Context and Objective

Despite the differences in the main characteristics between the autosomal dominant form of GH deficiency (IGHD II) and the bioinactive GH syndrome, a common feature of both is their impact on linear growth leading to short stature in all affected patients.

Design

The index patient, a boy, was referred for assessment of his short stature (− 2.54 SD score) and a delayed bone age of 5.9 yrs at the chronological age of 7.7 yrs. The GHD was confirmed by standard GH provocation tests, which revealed modestly reduced GH and IGF-I concentrations. Further genetic analysis of GH-1 gene identified heterozygosity for GH-P59L mutation. The secretion of the GH-P59L following stimulation with forskolin was investigated and compared to that of the wt-GH after expression of both GH variants in AtT-20 cells.
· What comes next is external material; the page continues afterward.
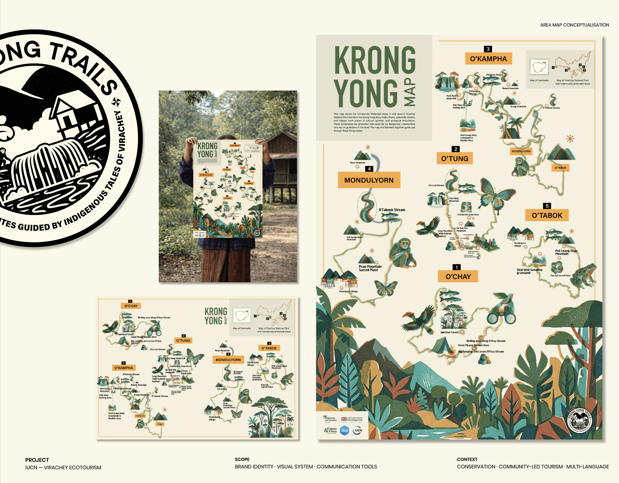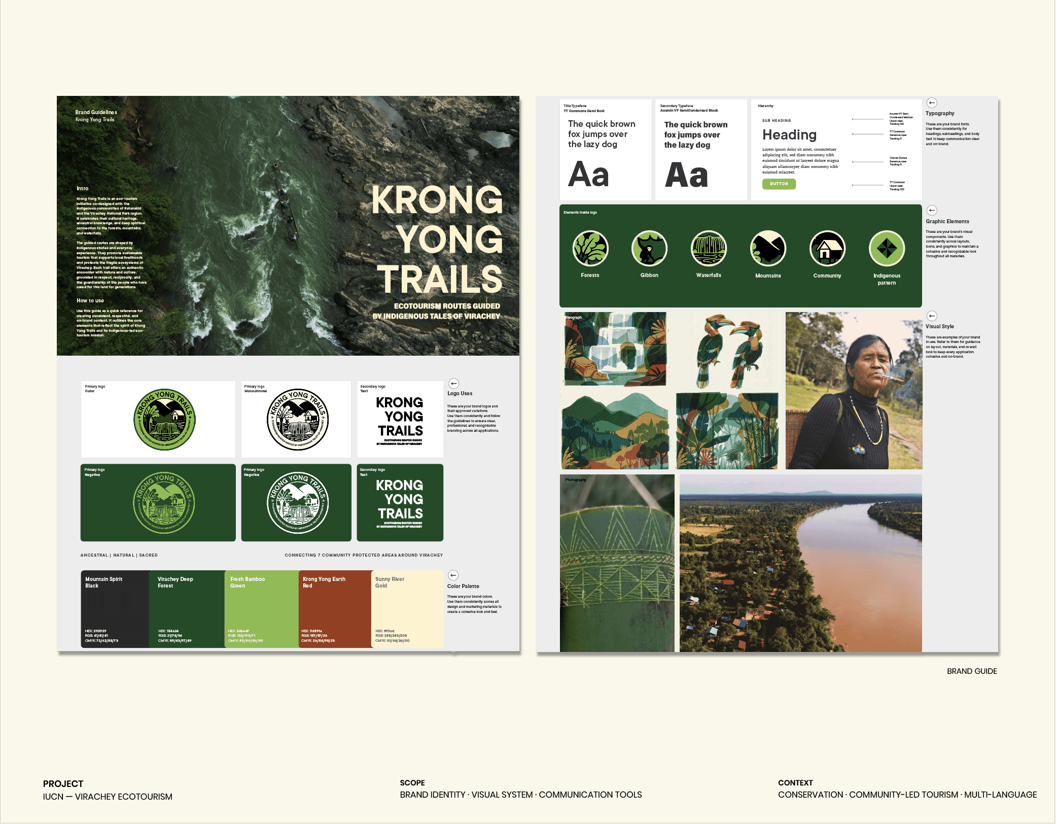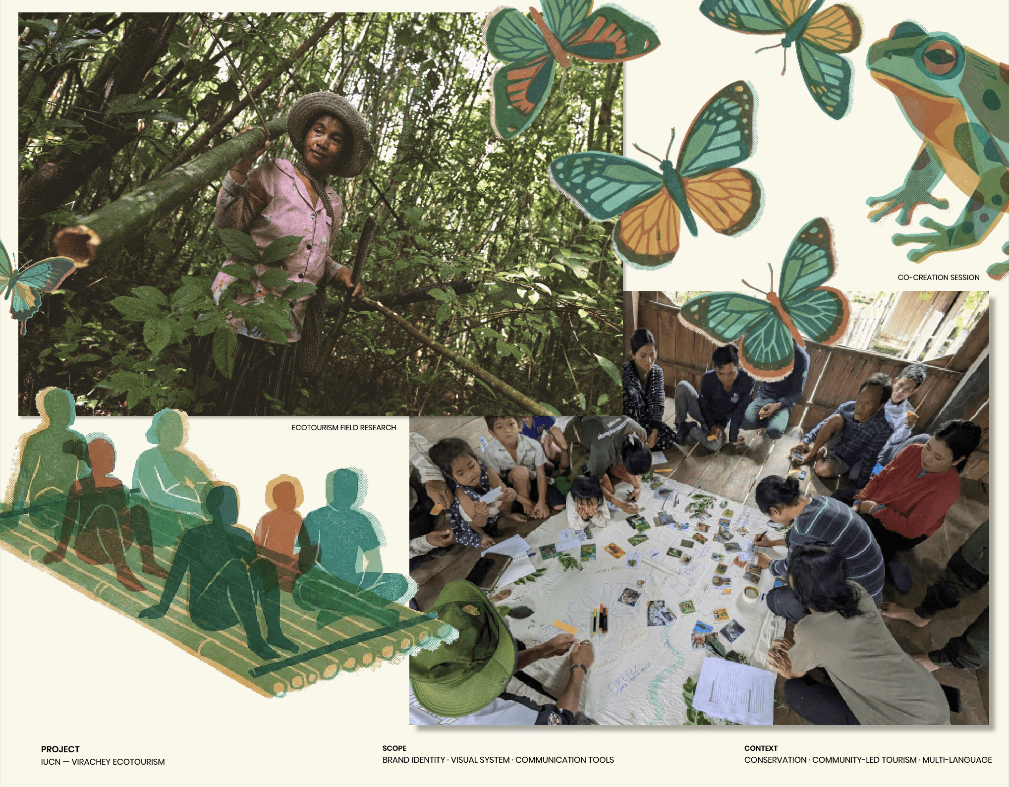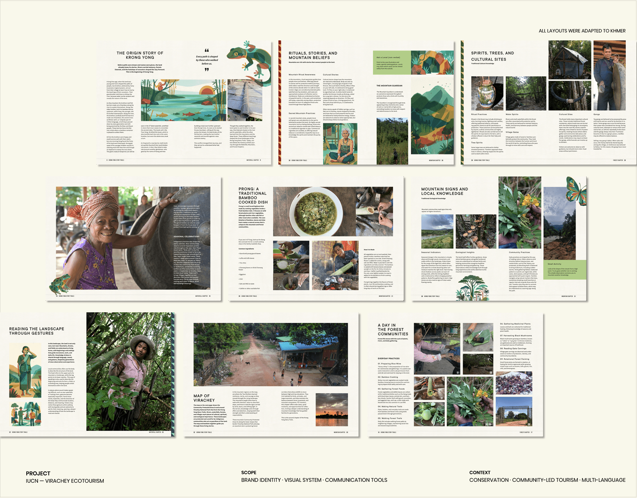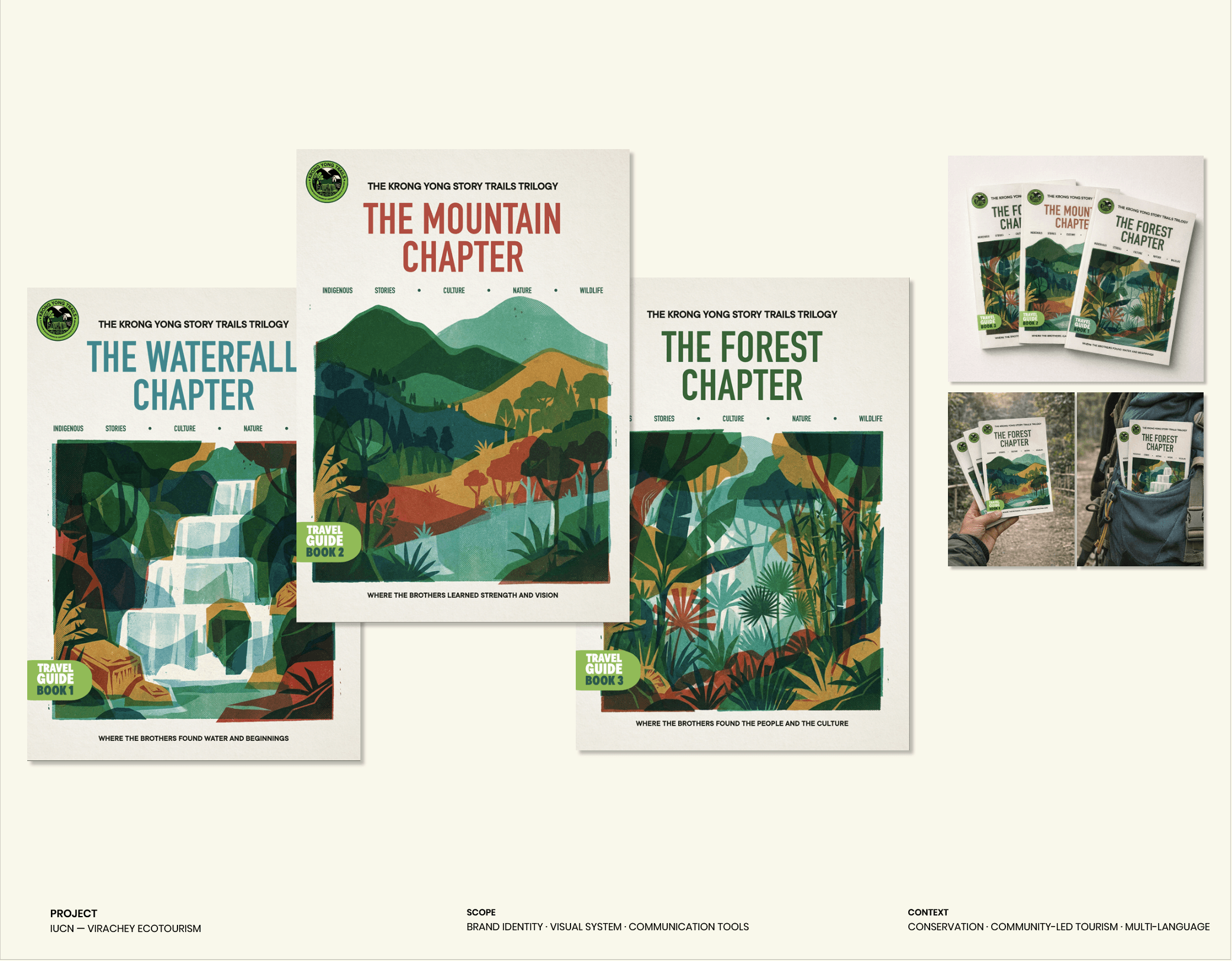 How can an ecotourism brand be truly owned by Indigenous communities while shaping respectful, sustainable visitor behaviour? → By leading a co-creation process with Indigenous leaders across seven ethnic groups, ensuring the brand is rooted in community ownership and cultural knowledge. The identity builds local pride while guiding visitor engagement through storytelling, tradition and ecological awareness. I developed a cohesive visual system and three field-ready guide booklets that translate these principles into a clear visitor journey. The result is a scalable experience that encourages eco-conscious exploration aligned with local customs, strengthening both community ownership and sustainable tourism practices.

Based on the position of P59L mutation that lies within a patch of residues composing the GH binding site 1 for GHR, we performed the analysis of GH-P59L binding to GHR by in silico mutagenesis and molecular dynamics simulations, which suggested possible problems in correct binding of GH-P59L to the GHR. Therefore, the functional characterization of this GH mutant was assessed through studies of GHR binding and activation of Jak2/Stat5 signaling pathway.

Results

In line with the clinical data of the patient GH deficiency is suggested, underlined by GH-secretion studies revealing a moderate difference in secretion between GH-P59L and wt-GH. In addition, further functional characterization of the GH-P59L by studies of GH-receptor binding and activation of Jak2/Stat5 pathway presented with a reduced binding affinity of GH-P59L for GHR and decreased bioactivity compared to the wt-GH.

Conclusions

The clinical data of the patient combined with the laboratory data support the diagnosis of partial IGHD type II. Since the GH deficiency was not total, additional binding and signaling studies were performed, which revealed that the GH-P59L variant displays some of the common features of bioinactive GH syndrome. Taken together, in this study we report a patient suffering from the combination of two growth disorders (alteration of secretion as well as bioactivity) caused by a GH-1 gene alteration highlighting the necessity of functional analysis of any GH variant, despite the presence of obvious clinical features of IGHD type II.